- **What is needed**
Down to the last word, output the records below, skipping any images.

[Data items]
++++++++++
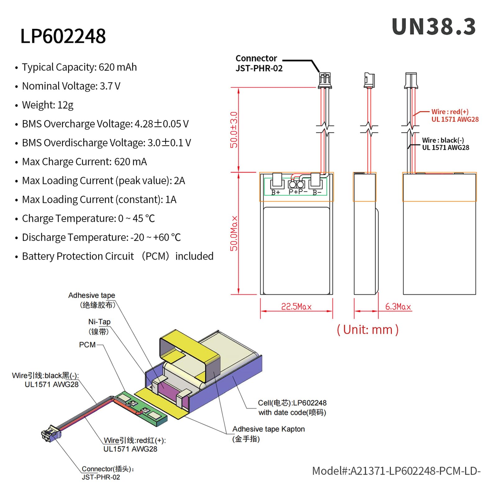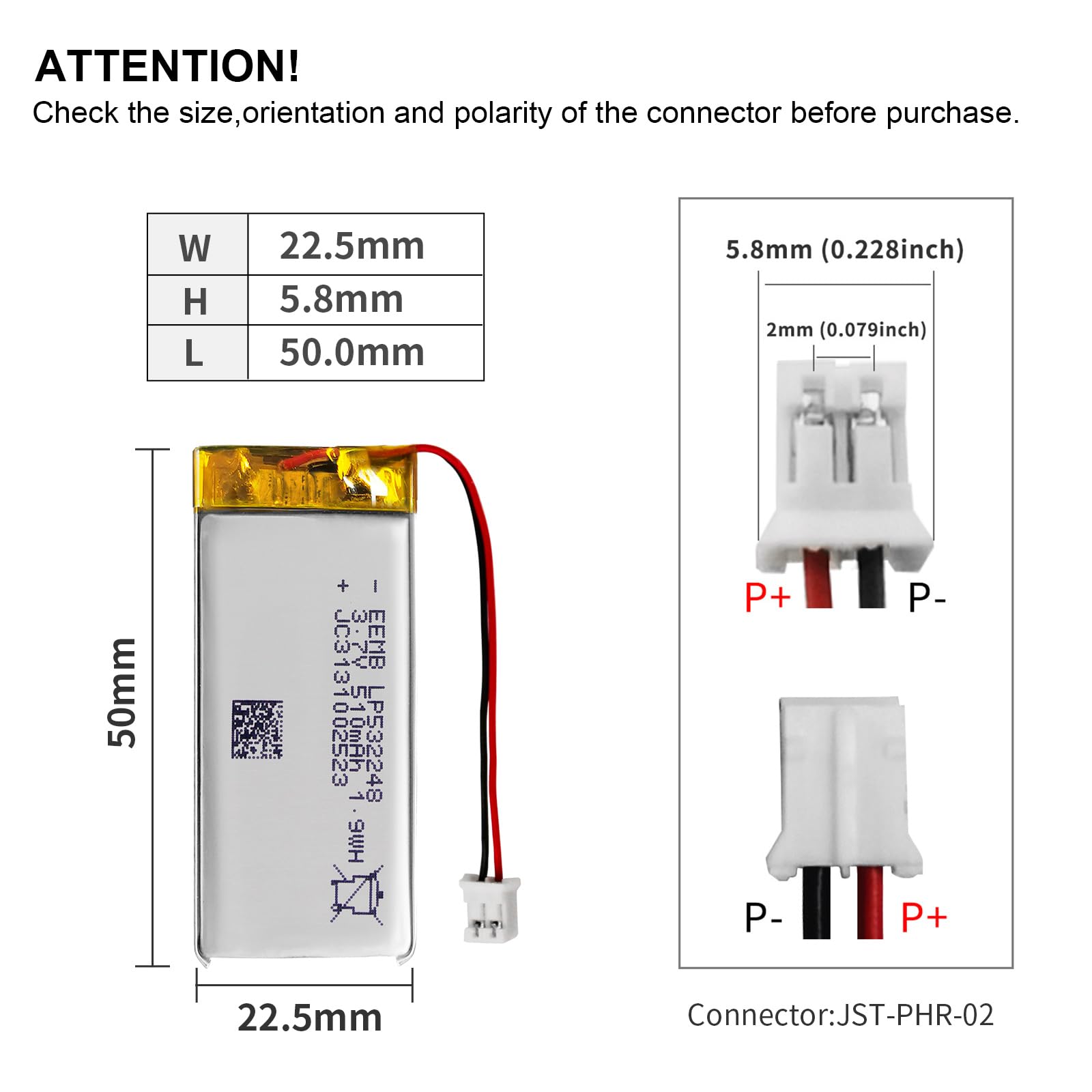 Nous vous répondrons dans les 24 heures. (Cela entraînera une pénurie si la polarité du connecteur de la batterie ne correspond pas à votre appareil., ) Batterie LiPo 3.7V 510mAh EEMB Batterie Lithium Polymère 3,7V 510mAh 532248 Batterie Pile Cr2016 EEB Batterie Lithiu polyère 3,7V 1800Ah 963450 Batterie... INFORMATIONS DE BASE—Tension: 3., 7V; Capacité typique : 510 mAh, capacité minimale : 440 mAh ; Poids : environ 10,2 g ; Taille : 5,8 x 22,5 x 50 mm (LxLxH). La longue histoire d'EEMB a permis à EEMB d'être présent sur tous les principaux marchés mondiaux., LP 772435 batterie rechargeable 3., 7v Capacité nominale et tension: 610 mAh, 3,7 V Méthode de charge Standard: DC / CV (CV courant final 12 ma) Courant de charge Standard: 0,2 C (122 ma) Tension de charge maximale: 4., 200 ± 0., 020 V Courant de décharge Standard: 0,2 C (122 ma) Tension de coupe: 2750 ± 0005 V Courant de charge maximal: 1C (610 ma) Courant de décharge maximal: 2C (1220 ma) Température de gonflage: 0 ~ 45 ℃ / température d'échappement: - 20 ~ + 60 ℃ / température de stockage: - 20 ~ + 25 ℃ Poids: 15 grammes Performances fiables DOIT CONFIRMER AVANT L'ACHAT : 1., Taille de la batterie ; 2., Modèle de connecteur ; 3., Taille du connecteur ; 4., Polarité du connecteur - CE N'EST PAS UNIVERSEL !, !, ! Stockez la batterie dans un endroit frais et sec//Convient pour haut-parleur Bluetooth, caméra de tableau de bord, clavier et souris, systèmes domestiques intelligents compatibles Wi-Fi, PDA et appareils photo numériques, unités de surveillance. PERFORMANCE FIABLE - Pas de fuite, excellente performance économique et longue durée de vie. surcharge, décharge excessive, surintensité, protection contre les courts-circuits, protection contre la surchauffe., Attention! STOCKAGE ET APPLICATION—Conservez les cellules dans un état chargé de 40 % à 60 % pendant le stockage de longue durée. Veuillez vérifier que la polarité de la batterie correspond à votre appareil avant utilisation. EEB Batterie 3.7V 1100Ah 603449 Batterie Lipo 3.7V Rechargeable avec... Fonction de protection PCM : surcharge, décharge excessive, surintensité, protection contre les courts-circuits, protection contre la surchauffe., CERTIFICATIONS—Conforme UN 38., 3., Plus de 400 batteries EEMB sont certifiées UL. Nous vous recommandons de charger la batterie tous les 3 mois après réception de la batterie et de maintenir la tension de 3,7 à 4,0 V. Veuillez vérifier la polarité et la taille de la batterie avant utilisation. EEMB Batterie Lithium polymère 3,7V 2000mAh 103454 Batterie
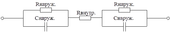 Рисунок 3.1 – Схема замещения тела человека По степени физиологического воздействия можно выделить следующие токи промышленной частоты воздействием более 1 секунды: 0,5 – 1,5 мА – пороговый ощутимый ток (т.е. наименьшее значение тока, которое человек начинает ощущать); 10 – 20 мА – пороговый не отпускающий ток (когда из-за судорожного сокращения рук человек самостоятельно не может освободится от токоведущих частей); 80 – 100 мА – пороговый фибрилляционный ток (расчетный поражающий ток), вызывающий неритмичные судорожные сокращения сердца, называемые фибрилляцией. Поражение электрическим током возможно лишь в состоянии полного покоя сердца человека. При продолжительности воздействия не более 10 минут в сутки в неаварийном режиме при нормальных метеорологических условиях предельно допустимые значения тока: частотой 50 Гц равно 0,3 мА, частотой 400 Гц – 0,4 мА, постоянного тока – 1 мА.
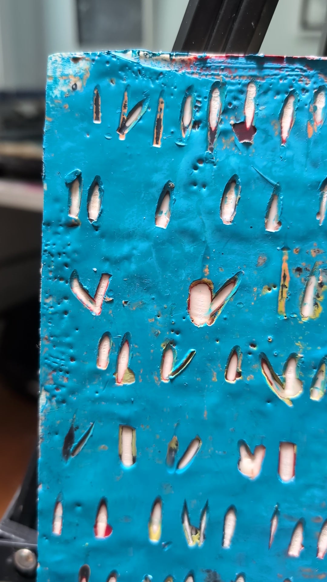 Layers of encaustic wax are carved and etched to reveal hidden colors and textures, creating a calming, tactile rhythm of pattern and variation.
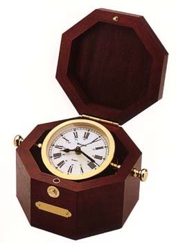 Solid wood chest, Mahogany finish, Polished brass case, Suspended gimbal clock adjusts for viewing angle, Beep alarm, 4.25" x 4.25" engraving plate included.
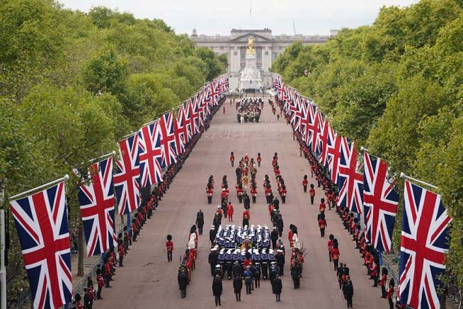 여왕의 관은 장례 행렬과 함께 웨스트민스터 채플을 떠나 웰링턴 아치까지 약 2km를 행진하며 길가의 시민 수백만 명과 인사했다. 기마대와 군악대가 앞장섰고, 찰스 3세 국왕과 왕실 인사들이 걸어서 뒤따랐다.
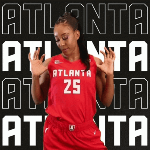 Monique Billings proudly poses in her red Atlanta Dream basketball jersey with number 25.
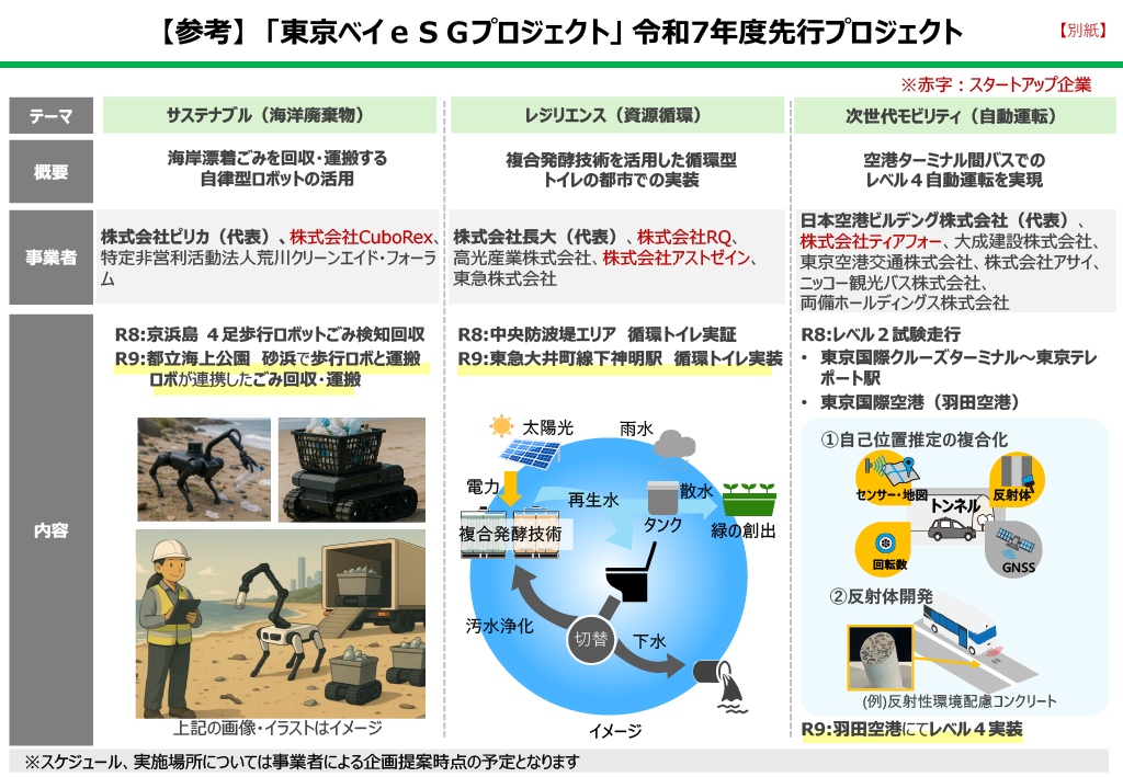 ・ベイエリアでのゼロエミッションやサーキュラーエコノミーの実現に資する、「次世代モビリティ・ロボティクス」、「最先端再生可能エネルギー」、「環境改善・資源循環」の3分野の技術を活用したプロジェクト
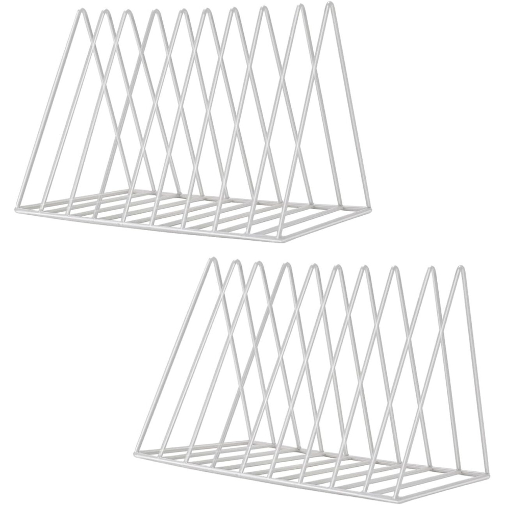 2 Pack 9 Slot White Magazine Holder,Desktop File Sorter Organizer Triangle Bookshelf Decor Home Office
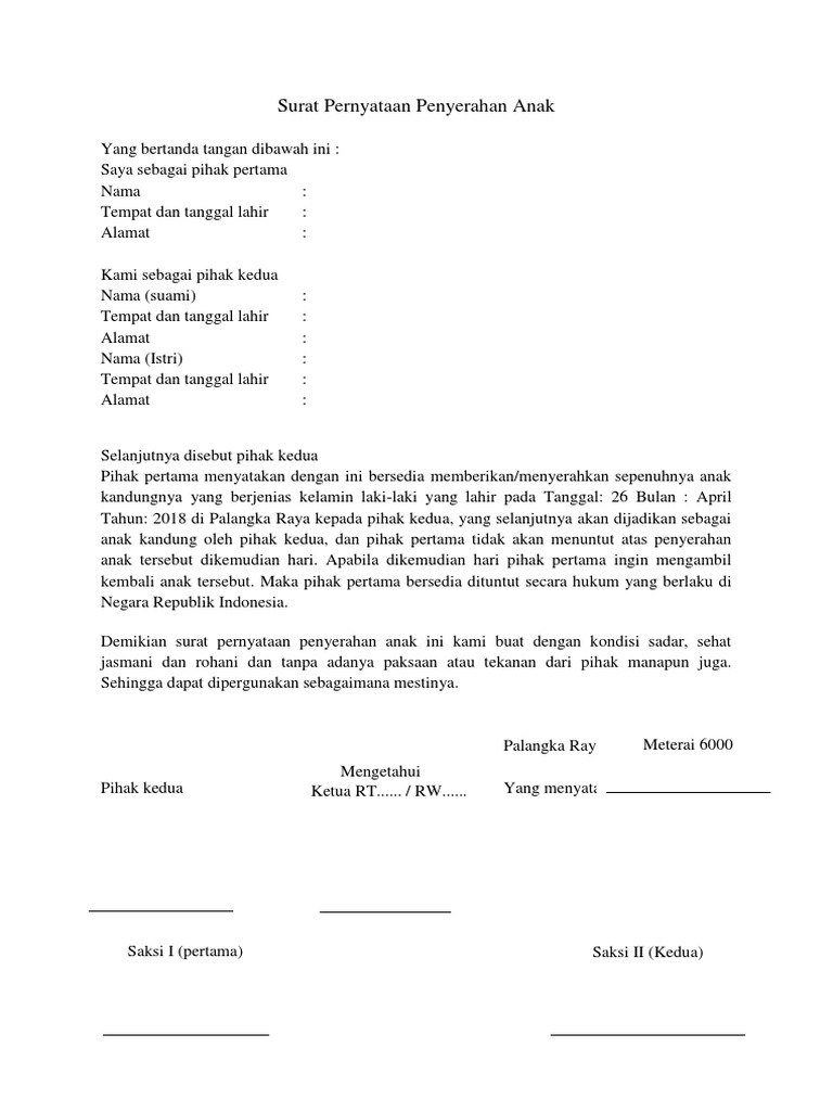 Tujuan & manfaat dari surat pernyataan adalah sebagai penjamin kepastian hokum. Berikut adalah contoh surat perjanjian yang baik dan benar meliputi surat perjanjian jual beli tanah, perjanjian sewa rumah dan perjanjian usaha. Sejak ditandatanganinya surat perjanjian ini maka tanah tersebut di. Yang bertanda tangan di bawah ini kami pasangan suami istri yang disertai penyerahan hak dan tanggung jawab anak tersebut kepada pihak kedua, yang selanjutnya agar dapat diangkat sebagai anak pihak kedua.
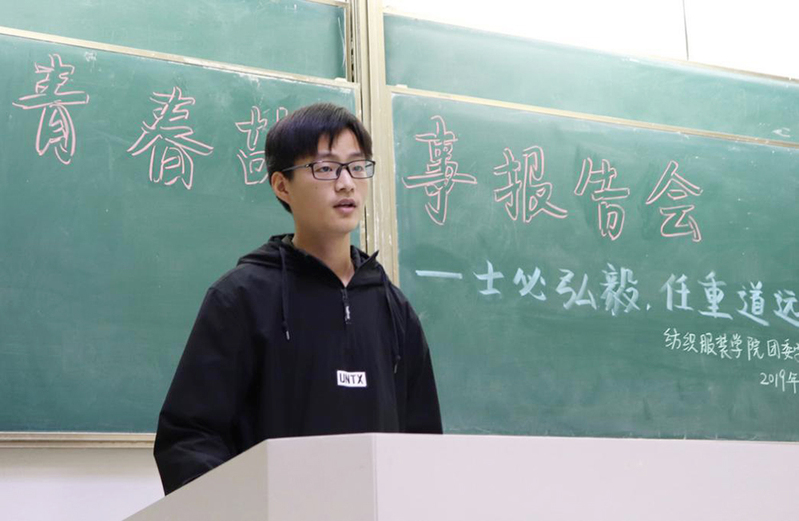 10月28日,纺织服装学院举办“分享青春故事 弘扬榜样力量 共话青春成长——我的青春故事报告会”。
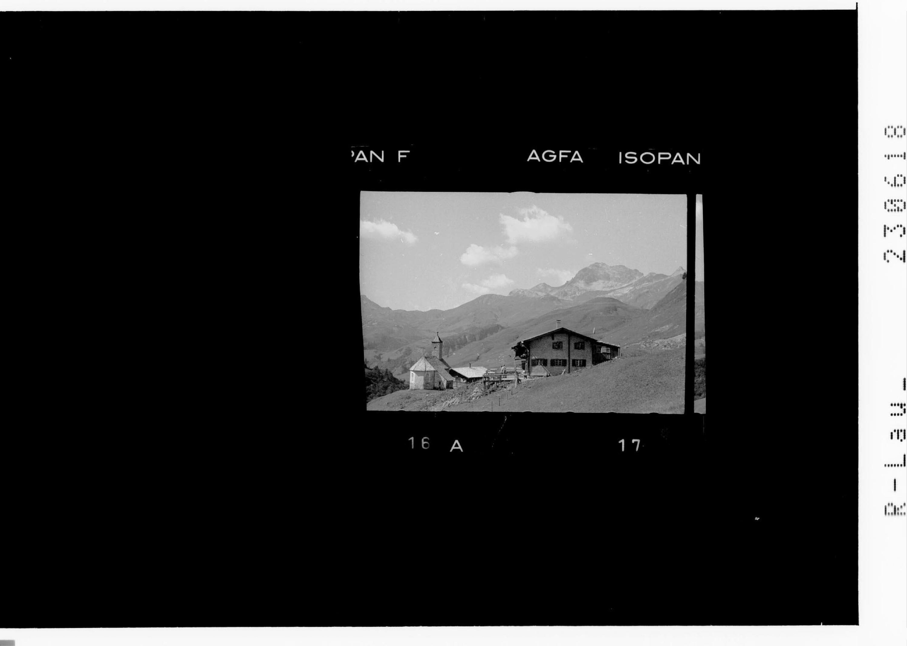 [Bürstegg ob Lech am Arlberg gegen Spuller Schafberg und Kriegerhorn]
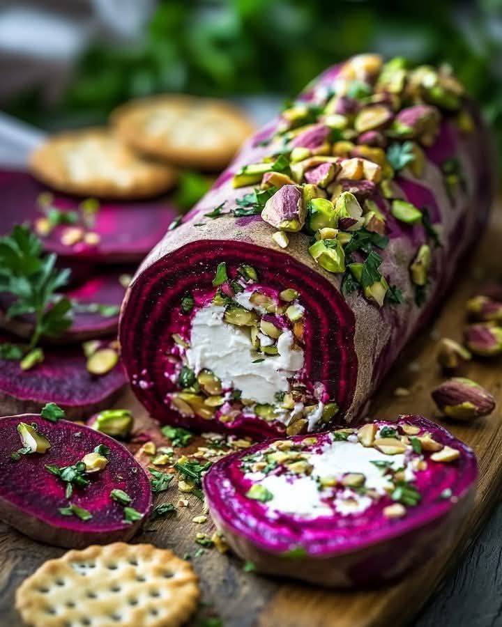 A vibrant, elegant appetizer featuring creamy goat cheese, earthy roasted beets, and crunchy pistachios—perfect for entertaining or a gourmet snack!
++++++++++
- **Answer section**
 Nous vous répondrons dans les 24 heures. (Cela entraînera une pénurie si la polarité du connecteur de la batterie ne correspond pas à votre appareil., ) Batterie LiPo 3.7V 510mAh EEMB Batterie Lithium Polymère 3,7V 510mAh 532248 Batterie Pile Cr2016 EEB Batterie Lithiu polyère 3,7V 1800Ah 963450 Batterie... INFORMATIONS DE BASE—Tension: 3., 7V; Capacité typique : 510 mAh, capacité minimale : 440 mAh ; Poids : environ 10,2 g ; Taille : 5,8 x 22,5 x 50 mm (LxLxH). La longue histoire d'EEMB a permis à EEMB d'être présent sur tous les principaux marchés mondiaux., LP 772435 batterie rechargeable 3., 7v Capacité nominale et tension: 610 mAh, 3,7 V Méthode de charge Standard: DC / CV (CV courant final 12 ma) Courant de charge Standard: 0,2 C (122 ma) Tension de charge maximale: 4., 200 ± 0., 020 V Courant de décharge Standard: 0,2 C (122 ma) Tension de coupe: 2750 ± 0005 V Courant de charge maximal: 1C (610 ma) Courant de décharge maximal: 2C (1220 ma) Température de gonflage: 0 ~ 45 ℃ / température d'échappement: - 20 ~ + 60 ℃ / température de stockage: - 20 ~ + 25 ℃ Poids: 15 grammes Performances fiables DOIT CONFIRMER AVANT L'ACHAT : 1., Taille de la batterie ; 2., Modèle de connecteur ; 3., Taille du connecteur ; 4., Polarité du connecteur - CE N'EST PAS UNIVERSEL !, !, ! Stockez la batterie dans un endroit frais et sec//Convient pour haut-parleur Bluetooth, caméra de tableau de bord, clavier et souris, systèmes domestiques intelligents compatibles Wi-Fi, PDA et appareils photo numériques, unités de surveillance. PERFORMANCE FIABLE - Pas de fuite, excellente performance économique et longue durée de vie. surcharge, décharge excessive, surintensité, protection contre les courts-circuits, protection contre la surchauffe., Attention! STOCKAGE ET APPLICATION—Conservez les cellules dans un état chargé de 40 % à 60 % pendant le stockage de longue durée. Veuillez vérifier que la polarité de la batterie correspond à votre appareil avant utilisation. EEB Batterie 3.7V 1100Ah 603449 Batterie Lipo 3.7V Rechargeable avec... Fonction de protection PCM : surcharge, décharge excessive, surintensité, protection contre les courts-circuits, protection contre la surchauffe., CERTIFICATIONS—Conforme UN 38., 3., Plus de 400 batteries EEMB sont certifiées UL. Nous vous recommandons de charger la batterie tous les 3 mois après réception de la batterie et de maintenir la tension de 3,7 à 4,0 V. Veuillez vérifier la polarité et la taille de la batterie avant utilisation. EEMB Batterie Lithium polymère 3,7V 2000mAh 103454 Batterie
 Рисунок 3.1 – Схема замещения тела человека По степени физиологического воздействия можно выделить следующие токи промышленной частоты воздействием более 1 секунды: 0,5 – 1,5 мА – пороговый ощутимый ток (т.е. наименьшее значение тока, которое человек начинает ощущать); 10 – 20 мА – пороговый не отпускающий ток (когда из-за судорожного сокращения рук человек самостоятельно не может освободится от токоведущих частей); 80 – 100 мА – пороговый фибрилляционный ток (расчетный поражающий ток), вызывающий неритмичные судорожные сокращения сердца, называемые фибрилляцией. Поражение электрическим током возможно лишь в состоянии полного покоя сердца человека. При продолжительности воздействия не более 10 минут в сутки в неаварийном режиме при нормальных метеорологических условиях предельно допустимые значения тока: частотой 50 Гц равно 0,3 мА, частотой 400 Гц – 0,4 мА, постоянного тока – 1 мА.
 Layers of encaustic wax are carved and etched to reveal hidden colors and textures, creating a calming, tactile rhythm of pattern and variation.
 Solid wood chest, Mahogany finish, Polished brass case, Suspended gimbal clock adjusts for viewing angle, Beep alarm, 4.25" x 4.25" engraving plate included.
 여왕의 관은 장례 행렬과 함께 웨스트민스터 채플을 떠나 웰링턴 아치까지 약 2km를 행진하며 길가의 시민 수백만 명과 인사했다. 기마대와 군악대가 앞장섰고, 찰스 3세 국왕과 왕실 인사들이 걸어서 뒤따랐다.
 Monique Billings proudly poses in her red Atlanta Dream basketball jersey with number 25.
 ・ベイエリアでのゼロエミッションやサーキュラーエコノミーの実現に資する、「次世代モビリティ・ロボティクス」、「最先端再生可能エネルギー」、「環境改善・資源循環」の3分野の技術を活用したプロジェクト
 2 Pack 9 Slot White Magazine Holder,Desktop File Sorter Organizer Triangle Bookshelf Decor Home Office
 Tujuan & manfaat dari surat pernyataan adalah sebagai penjamin kepastian hokum. Berikut adalah contoh surat perjanjian yang baik dan benar meliputi surat perjanjian jual beli tanah, perjanjian sewa rumah dan perjanjian usaha. Sejak ditandatanganinya surat perjanjian ini maka tanah tersebut di. Yang bertanda tangan di bawah ini kami pasangan suami istri yang disertai penyerahan hak dan tanggung jawab anak tersebut kepada pihak kedua, yang selanjutnya agar dapat diangkat sebagai anak pihak kedua.
 10月28日,纺织服装学院举办“分享青春故事 弘扬榜样力量 共话青春成长——我的青春故事报告会”。
 [Bürstegg ob Lech am Arlberg gegen Spuller Schafberg und Kriegerhorn]
 A vibrant, elegant appetizer featuring creamy goat cheese, earthy roasted beets, and crunchy pistachios—perfect for entertaining or a gourmet snack!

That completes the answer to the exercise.